In the obtained suspension, the solid content in the suspension (concentration of the resin microparticles in the suspension) is in the range of, for example, 5 to 50% by weight, or preferably 10 to 30% by weight. The resin microparticles dispersed in the aqueous medium have a volume average particle diameter of, for example, 30 to 1000 nm, or preferably 50 to 500 nm, as a median size.
The suspension is further diluted with water and is adjusted so that the solid content is in the range of, for example, 1 to 30% by weight, or preferably 5 to 20% by weight.
In this dilution, if necessary, a surfactant can be added together with the aqueous medium in order to achieve dispersion stability in an aggregation/fusion step.
Examples of the surfactant include polyoxyethylene polyoxypropylene glycol, polyoxyalkylene decyl ether, polyoxyalkylene tridecyl ether, polyoxyethylene isodecyl ether, polyoxyalkylene lauryl ether and polyoxyethylene alkyl ether. Among them, polyoxyethylene polyoxypropylene glycol is preferable.
In the case of adding a surfactant to the suspension, for example, the surfactant is mixed with the suspension so that the amount of the surfactant is in the range of 0.5 to 20 parts by weight, or preferably 1 to 10 parts by weight, per 100 parts by weight of the solid content of the suspension.

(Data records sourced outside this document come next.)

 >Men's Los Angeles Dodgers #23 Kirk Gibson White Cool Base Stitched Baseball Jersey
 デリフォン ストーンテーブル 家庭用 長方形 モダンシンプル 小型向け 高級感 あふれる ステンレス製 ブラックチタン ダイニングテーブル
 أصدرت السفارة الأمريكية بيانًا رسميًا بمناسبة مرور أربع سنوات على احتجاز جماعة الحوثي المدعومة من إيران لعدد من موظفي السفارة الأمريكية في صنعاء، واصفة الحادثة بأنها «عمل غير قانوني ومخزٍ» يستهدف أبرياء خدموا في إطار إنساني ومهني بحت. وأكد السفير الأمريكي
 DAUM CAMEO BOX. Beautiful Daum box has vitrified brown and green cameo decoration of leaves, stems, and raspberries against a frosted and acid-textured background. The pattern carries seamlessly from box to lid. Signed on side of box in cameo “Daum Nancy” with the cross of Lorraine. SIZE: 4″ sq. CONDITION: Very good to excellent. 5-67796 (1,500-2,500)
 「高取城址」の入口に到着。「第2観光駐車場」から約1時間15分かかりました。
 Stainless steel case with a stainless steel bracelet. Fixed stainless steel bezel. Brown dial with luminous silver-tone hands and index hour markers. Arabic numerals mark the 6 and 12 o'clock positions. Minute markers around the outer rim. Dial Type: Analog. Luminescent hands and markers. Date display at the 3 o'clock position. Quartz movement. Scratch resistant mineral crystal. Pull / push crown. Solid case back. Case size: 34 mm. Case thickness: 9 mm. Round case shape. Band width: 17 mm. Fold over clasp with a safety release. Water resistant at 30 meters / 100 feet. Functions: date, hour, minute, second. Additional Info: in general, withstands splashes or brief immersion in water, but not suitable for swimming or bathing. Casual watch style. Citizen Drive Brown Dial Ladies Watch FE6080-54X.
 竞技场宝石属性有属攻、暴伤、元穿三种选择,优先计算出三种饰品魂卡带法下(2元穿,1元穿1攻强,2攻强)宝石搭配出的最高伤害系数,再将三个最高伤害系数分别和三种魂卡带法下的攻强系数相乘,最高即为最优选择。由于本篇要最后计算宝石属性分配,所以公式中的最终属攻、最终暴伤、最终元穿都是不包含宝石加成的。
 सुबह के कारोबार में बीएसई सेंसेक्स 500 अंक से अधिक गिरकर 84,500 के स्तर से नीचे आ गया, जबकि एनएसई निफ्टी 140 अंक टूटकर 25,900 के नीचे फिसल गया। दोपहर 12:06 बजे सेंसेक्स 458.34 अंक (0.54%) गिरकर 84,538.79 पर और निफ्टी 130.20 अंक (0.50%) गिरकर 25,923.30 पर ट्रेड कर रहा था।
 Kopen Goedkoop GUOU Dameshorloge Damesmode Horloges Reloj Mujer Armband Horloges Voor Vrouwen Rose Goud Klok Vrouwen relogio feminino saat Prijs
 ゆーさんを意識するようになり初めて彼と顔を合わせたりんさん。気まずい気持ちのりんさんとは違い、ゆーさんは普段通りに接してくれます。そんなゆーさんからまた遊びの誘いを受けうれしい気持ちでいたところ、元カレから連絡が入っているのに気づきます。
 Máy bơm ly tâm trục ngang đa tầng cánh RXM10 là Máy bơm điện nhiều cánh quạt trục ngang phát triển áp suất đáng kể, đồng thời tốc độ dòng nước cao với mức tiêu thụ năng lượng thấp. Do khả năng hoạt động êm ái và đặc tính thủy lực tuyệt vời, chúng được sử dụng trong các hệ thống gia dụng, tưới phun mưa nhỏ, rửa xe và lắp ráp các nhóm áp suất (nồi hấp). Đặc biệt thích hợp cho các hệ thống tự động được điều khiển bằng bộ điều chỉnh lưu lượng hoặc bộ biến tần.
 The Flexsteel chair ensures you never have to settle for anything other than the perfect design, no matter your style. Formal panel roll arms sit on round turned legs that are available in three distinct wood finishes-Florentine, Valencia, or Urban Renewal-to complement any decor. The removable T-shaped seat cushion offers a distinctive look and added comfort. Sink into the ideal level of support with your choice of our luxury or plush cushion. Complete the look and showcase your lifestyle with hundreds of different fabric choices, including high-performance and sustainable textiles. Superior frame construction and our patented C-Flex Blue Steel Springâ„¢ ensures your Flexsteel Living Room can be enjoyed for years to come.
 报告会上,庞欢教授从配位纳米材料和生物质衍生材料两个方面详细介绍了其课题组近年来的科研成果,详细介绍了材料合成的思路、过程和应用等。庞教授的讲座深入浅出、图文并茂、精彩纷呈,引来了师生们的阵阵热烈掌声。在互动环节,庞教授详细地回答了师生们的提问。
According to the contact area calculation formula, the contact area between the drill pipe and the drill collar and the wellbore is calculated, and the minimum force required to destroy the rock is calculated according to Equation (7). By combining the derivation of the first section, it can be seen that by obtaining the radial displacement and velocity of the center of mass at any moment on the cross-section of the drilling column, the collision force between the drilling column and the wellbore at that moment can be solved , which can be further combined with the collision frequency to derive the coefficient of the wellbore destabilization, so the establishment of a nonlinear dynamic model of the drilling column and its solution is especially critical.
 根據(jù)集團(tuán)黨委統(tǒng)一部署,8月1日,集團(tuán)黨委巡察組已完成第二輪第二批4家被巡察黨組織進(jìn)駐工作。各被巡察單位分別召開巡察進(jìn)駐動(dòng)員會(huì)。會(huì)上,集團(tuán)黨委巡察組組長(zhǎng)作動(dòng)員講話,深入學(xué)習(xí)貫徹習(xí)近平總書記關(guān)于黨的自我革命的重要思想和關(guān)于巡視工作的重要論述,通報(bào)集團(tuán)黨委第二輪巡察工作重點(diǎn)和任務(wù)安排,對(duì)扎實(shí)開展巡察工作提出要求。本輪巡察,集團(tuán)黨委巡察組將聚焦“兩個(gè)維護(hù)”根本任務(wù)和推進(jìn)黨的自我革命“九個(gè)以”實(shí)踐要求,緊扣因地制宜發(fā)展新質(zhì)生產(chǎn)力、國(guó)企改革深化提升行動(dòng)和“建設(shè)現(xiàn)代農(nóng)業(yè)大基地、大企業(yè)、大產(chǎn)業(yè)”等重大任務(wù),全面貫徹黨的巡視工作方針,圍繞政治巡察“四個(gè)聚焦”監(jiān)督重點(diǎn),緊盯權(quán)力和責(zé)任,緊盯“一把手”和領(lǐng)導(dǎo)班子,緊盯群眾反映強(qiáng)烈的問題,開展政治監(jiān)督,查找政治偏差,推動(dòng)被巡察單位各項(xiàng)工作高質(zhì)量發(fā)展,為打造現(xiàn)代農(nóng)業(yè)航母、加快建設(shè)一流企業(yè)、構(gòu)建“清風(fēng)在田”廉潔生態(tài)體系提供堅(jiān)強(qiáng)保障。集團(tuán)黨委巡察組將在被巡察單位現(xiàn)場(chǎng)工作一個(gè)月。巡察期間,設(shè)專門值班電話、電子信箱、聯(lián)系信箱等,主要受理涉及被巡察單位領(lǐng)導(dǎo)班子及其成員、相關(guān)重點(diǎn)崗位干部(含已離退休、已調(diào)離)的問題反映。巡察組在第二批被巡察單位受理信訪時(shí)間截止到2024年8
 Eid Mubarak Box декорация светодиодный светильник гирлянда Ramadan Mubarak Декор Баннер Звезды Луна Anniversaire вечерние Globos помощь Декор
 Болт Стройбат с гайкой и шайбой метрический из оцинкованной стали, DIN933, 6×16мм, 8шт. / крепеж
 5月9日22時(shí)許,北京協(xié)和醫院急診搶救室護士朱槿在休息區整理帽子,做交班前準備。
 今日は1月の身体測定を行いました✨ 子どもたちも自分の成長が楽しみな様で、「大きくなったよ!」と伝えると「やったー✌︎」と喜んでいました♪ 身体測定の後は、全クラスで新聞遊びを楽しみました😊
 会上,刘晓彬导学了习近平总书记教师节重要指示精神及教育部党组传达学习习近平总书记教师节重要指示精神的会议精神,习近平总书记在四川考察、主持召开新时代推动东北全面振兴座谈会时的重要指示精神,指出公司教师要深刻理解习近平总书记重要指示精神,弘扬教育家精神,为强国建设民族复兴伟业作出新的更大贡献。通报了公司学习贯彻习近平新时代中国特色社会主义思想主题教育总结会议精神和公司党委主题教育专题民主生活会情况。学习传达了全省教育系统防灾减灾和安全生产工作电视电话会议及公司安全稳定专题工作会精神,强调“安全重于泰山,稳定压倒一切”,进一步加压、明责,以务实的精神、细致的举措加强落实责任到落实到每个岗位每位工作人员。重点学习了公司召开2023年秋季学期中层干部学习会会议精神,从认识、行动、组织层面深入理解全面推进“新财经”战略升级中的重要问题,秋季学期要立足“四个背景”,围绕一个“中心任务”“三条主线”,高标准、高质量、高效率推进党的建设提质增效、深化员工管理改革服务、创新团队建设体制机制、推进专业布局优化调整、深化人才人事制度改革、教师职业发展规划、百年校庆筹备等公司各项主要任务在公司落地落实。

5) Aggregation/Fusion Step

Next, in this method, a flocculant is added to the suspension to aggregate resin microparticles, then heating the aggregated resin microparticles to be fused (heat sealed), so that the particle size of the resin microparticle is grown, whereby toner base particles are obtained.
Examples of the flocculant include inorganic metal salts such as aluminium chloride and calcium nitrate; and inorganic metal salt polymers such as polyaluminium chloride.
In the aggregation process, the aqueous flocculant solution prepared to have a normality of, for example, 0.01 to 1.0, or preferably 0.05 to 0.5 is added to the suspension so that the amount of the aqueous flocculant solution is in the range of, for example, 0.1 to 10 parts by weight, or preferably 0.5 to 5 parts by weight, per 100 parts by weight of the suspension, and the mixture is then agitated.
No particular limitation is imposed on the agitation, and for example, first, the suspension is dispersed using a high-speed dispersing apparatus such as a homogenizer, and then mixed using an agitator with agitating blades to an extent that the entire suspension flows. Known agitating blades such as flat turbine blades, propeller blades, or anchor blades can be used. Further, the agitation can be performed with an ultrasonic dispersing apparatus. The solution temperature during dispersion is, for example, from 10 to 50° C., or preferably from 20 to 30° C., and the agitation time is, for example, from 5 to 60 minutes, or preferably from 10 to 30 minutes.
Thereafter, it is preferable that the suspension is homogeneously aggregated by heating. The heating temperature is increased to, for example, about a temperature at which the particles are not fused, such as from 35 to 60° C. Then, an aggregation terminator is added thereto to complete the aggregation step, and the resin microparticles thus aggregated are then fused by heating.
Examples of the aggregation terminator include alkali metals such as sodium hydroxide and potassium hydroxide. An ionic surfactant can also be used.
In the addition process of the aggregation terminator, the aqueous alkali metal solution prepared to have a normality of 0.01 to 5.0, or preferably 0.1 to 2.0 is added to the suspension so that the amount of the aqueous alkali metal solution is in the range of, for example, 0.5 to 20 parts by weight, or preferably 1.0 to 10 parts by weight, per 100 parts by weight of the suspension and the agitation of the mixture is then continued.
Thereafter, fusion is performed by heating the mixture at a temperature of the glass transition point (Tg) of the resin or more, for example, from 55 to 100° C., or preferably 65 to 95° C. while the above-mentioned agitation is continued. The heating time may be until the particles are fused into a desired shape, for example, from 0.5 to 10 hours, although depending on the type of resin. When the heating time is shortened, unusual-shaped toner base particles can be obtained. When heating is further continued, spherical-shaped toner base particles can be obtained. Thus, the resin microparticles thus aggregated are fused, whereby toner base particles having a volume average diameter of, for example, 3 to 12 μm, or preferably 6 to 10 μm are obtained.
Thereafter, the toner base particles thus obtained are cooled, reverse-neutralized with an acid, filtered and dried to obtain powders of the toner base particles.
In the reverse-neutralization, for example, an inorganic acid such as hydrochloric acid, sulfuric acid or nitric acid is used to prepare, for example, a 0.01 to 5 N (normal) aqueous solution, or preferably a 0.1 to 2 N (normal) aqueous solution, and the obtained solution is added to the suspension so that the amount of the solution is in the range of, for example, 0.05 to 2 parts by weight, or preferably 0.1 to 1 part by weight, per 100 parts by weight of the suspension. Then, the mixture is agitated for 10 to 180 minutes, or preferably for 15 to 120 minutes to an extent that the suspension flows.

6) Mixing of an Additive

An external additive or the like is added as required to the toner base particle thus obtained to thereby obtain a desired toner.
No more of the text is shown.